Conservative treatment is recommended to relieve symptoms and enhance functional activity performance, and may prevent muscle weakness and thereby halt disease progression.8 As per the existing literature, many types of exercises have been undertaken to improve proprioception and balance in knee osteoarthritis. Walking, retro walking, kinesthetic balancing, closed kinetic chain and aerobic dance, have all been shown to improve proprioception and balance function. The majority of past research involved individuals with mild to intermediate stages of knee OA, while some patients with advanced stages were also involved. Despite the presence of literature on the effectiveness of the various forms of exercises in individuals with knee OA, no systematic review, to the best of our knowledge, describes the effectiveness of various balance exercise strategies. Therefore, the purpose of this systematic review is to examine and identify the available information on the impact of various balance training strategies on pain and functional outcomes in people with knee OA.
The current systematic review was registered in PROSPERO with the registration number CRD42021276674. The Preferred Reporting Items for Systematic Reviews and Meta-Analyses (PRISMA) criteria were followed throughout the review procedure.
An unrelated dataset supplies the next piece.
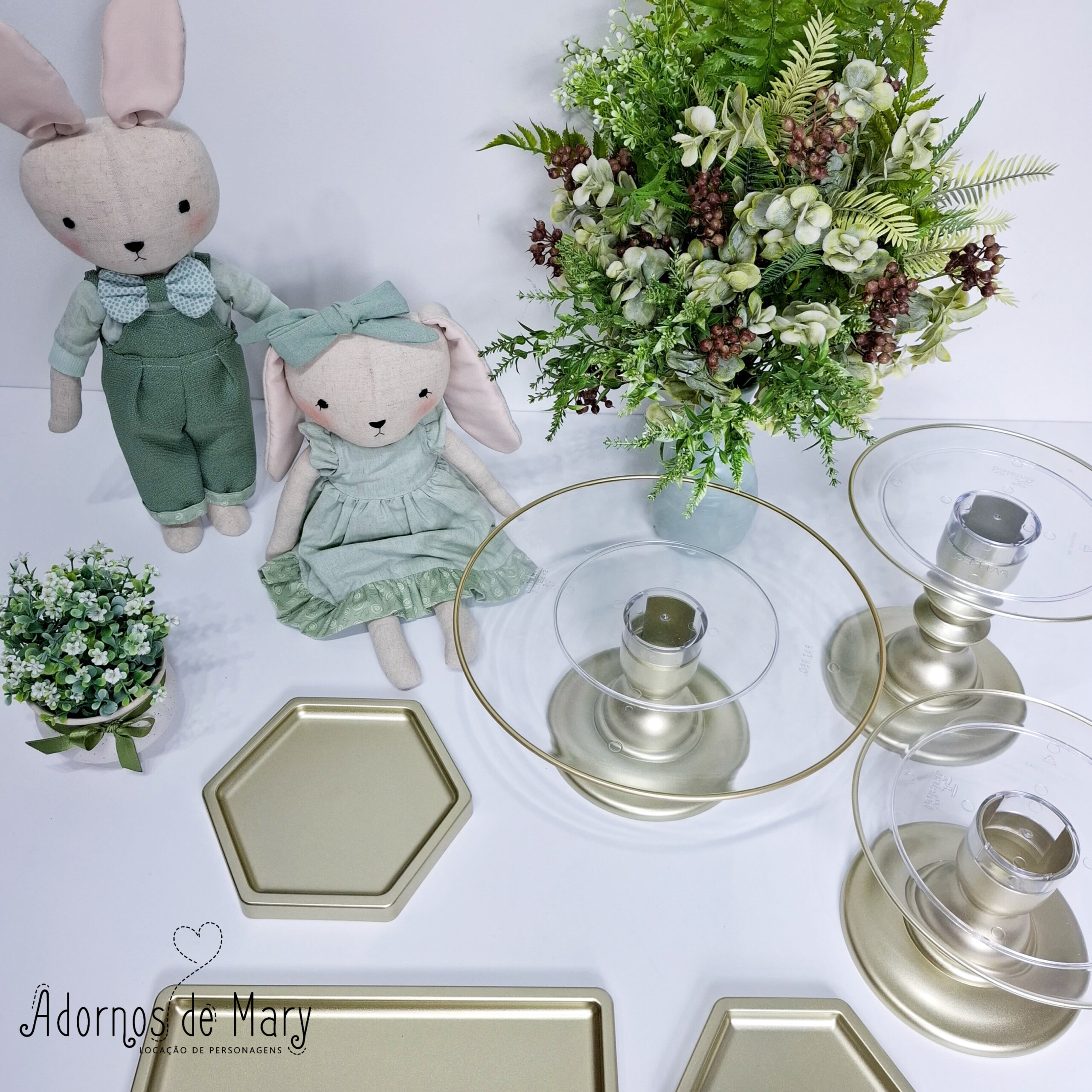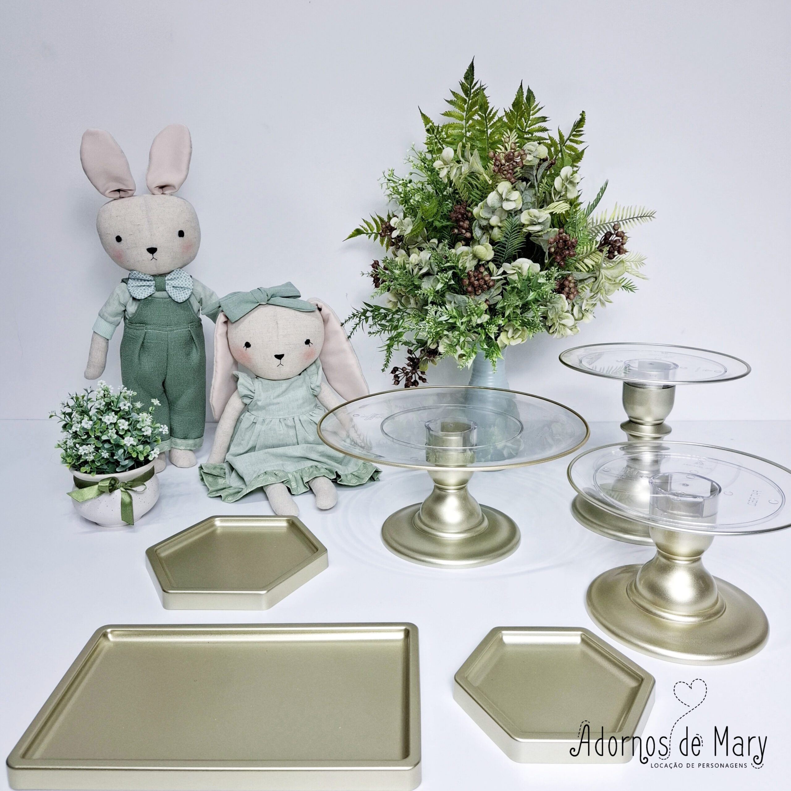 Mini cenário coelhinho verde com dourado (2)

The key search words and completed PRISMA checklist can be found as Extended data.43
Inclusion criteria
1) Randomized controlled trials (RCTs) comparing balance exercises to conventional exercises or no therapy and examining functional results in participants with knee OA were examined.
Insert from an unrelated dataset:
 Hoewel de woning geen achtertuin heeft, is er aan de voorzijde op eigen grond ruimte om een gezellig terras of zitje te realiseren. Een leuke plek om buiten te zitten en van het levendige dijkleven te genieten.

2) Participants in the chosen studies could be either male or female, of any age or severity level.
3) Articles with a PEDro score9 of five or above were considered.
Exclusion criteria
1) Conference abstracts, case reports, observational studies, and clinical commentaries were not included.
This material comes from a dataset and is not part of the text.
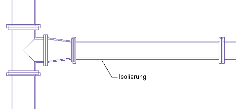 Anmerkung: Die Isolierung ist ein Beschriftungselement, das zeigt, wo Isolierung im Rohrsystem verwendet wird. Da sie kein Objekt ist, können Sie nur ändern, wie und wo sie in der Zeichnung angezeigt wird. Sie können jedoch keine Bauteillisten für die Isolierung erstellen.

2) Systemic arthritic illnesses, tibial osteotomy, hip or knee joint replacement, and any other muscle or neurological ailment that may affect the lower extremity and impair balance were excluded.
“PubMed” (PubMed, RRID:SCR_004846), “Scopus”, “Web of Science”, “Cochrane” (Cochrane Library, RRID:SCR_013000) and “PEDro” were searched in January 2022 for relevant articles that established the efficacy of various methods of balance training for participants with knee OA. The studies featured were written in English. Two independent investigators conducted the search, which included a combination of two primary keywords: “Knee OA” (population) AND “Balance.” The Boolean operators “AND” and “OR” were used to combine the two terms. The search techniques were adjusted based on the databases. The publication dates were not confined, and the review included works published between January 2000 and December 2021.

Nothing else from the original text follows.